A full, exact copy of the listing is needed, with images omitted.
*** Source data ***
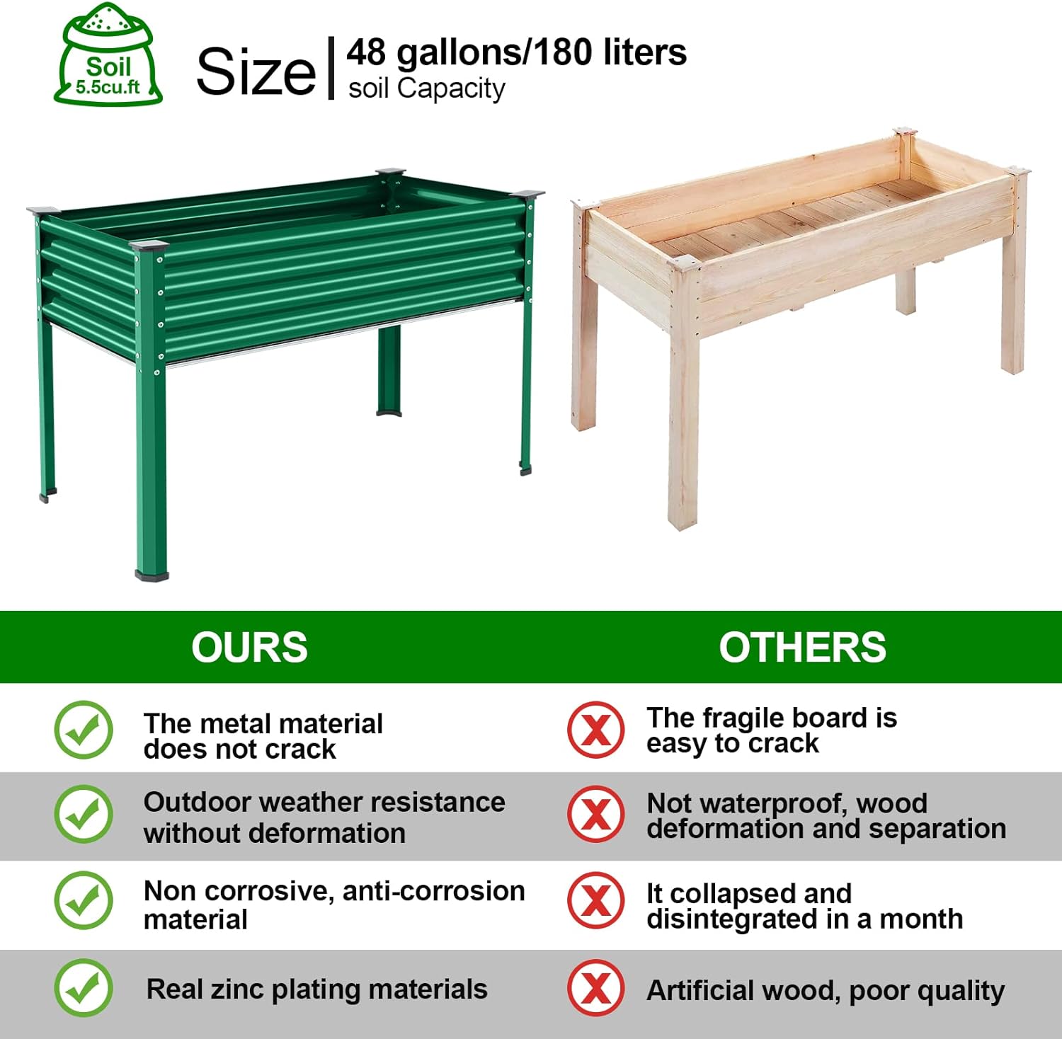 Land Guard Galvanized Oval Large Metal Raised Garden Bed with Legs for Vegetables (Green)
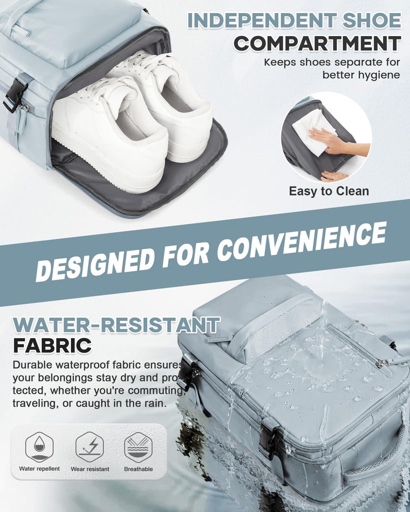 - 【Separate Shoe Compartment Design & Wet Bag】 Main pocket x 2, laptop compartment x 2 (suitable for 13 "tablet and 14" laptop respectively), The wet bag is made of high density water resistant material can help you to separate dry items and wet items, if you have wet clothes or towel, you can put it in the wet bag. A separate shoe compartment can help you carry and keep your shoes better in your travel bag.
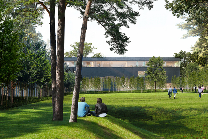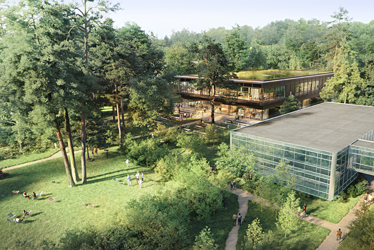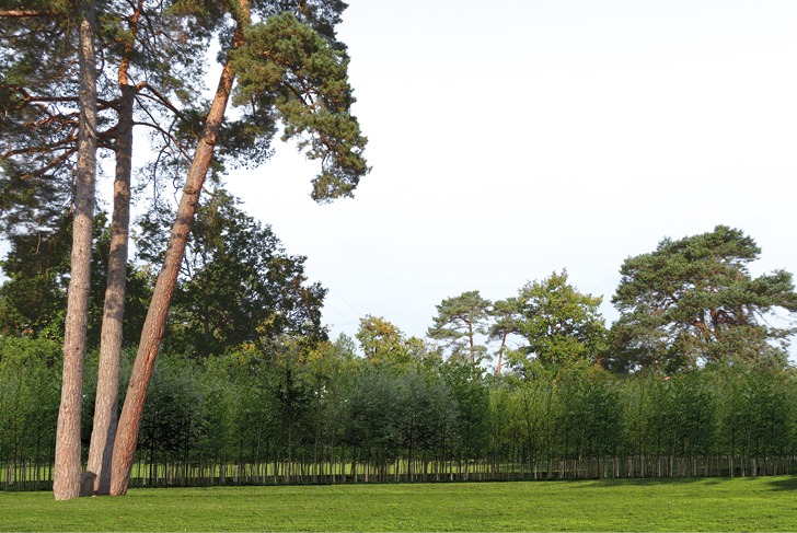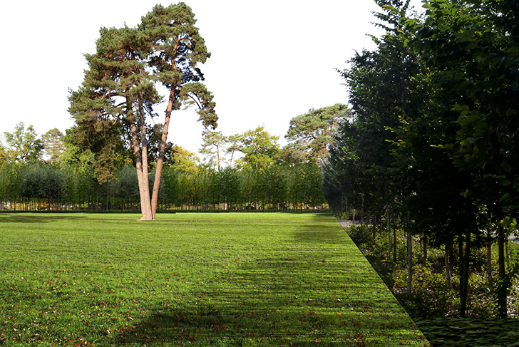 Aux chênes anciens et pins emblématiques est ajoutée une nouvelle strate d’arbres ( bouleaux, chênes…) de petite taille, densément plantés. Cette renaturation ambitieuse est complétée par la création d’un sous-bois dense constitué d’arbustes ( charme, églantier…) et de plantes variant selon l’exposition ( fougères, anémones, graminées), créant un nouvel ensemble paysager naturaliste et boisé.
***
Response:
 Land Guard Galvanized Oval Large Metal Raised Garden Bed with Legs for Vegetables (Green)
 - 【Separate Shoe Compartment Design & Wet Bag】 Main pocket x 2, laptop compartment x 2 (suitable for 13 "tablet and 14" laptop respectively), The wet bag is made of high density water resistant material can help you to separate dry items and wet items, if you have wet clothes or towel, you can put it in the wet bag. A separate shoe compartment can help you carry and keep your shoes better in your travel bag.
 Aux chênes anciens et pins emblématiques est ajoutée une nouvelle strate d’arbres ( bouleaux, chênes…) de petite taille, densément plantés. Cette renaturation ambitieuse est complétée par la création d’un sous-bois dense constitué d’arbustes ( charme, églantier…) et de plantes variant selon l’exposition ( fougères, anémones, graminées), créant un nouvel ensemble paysager naturaliste et boisé.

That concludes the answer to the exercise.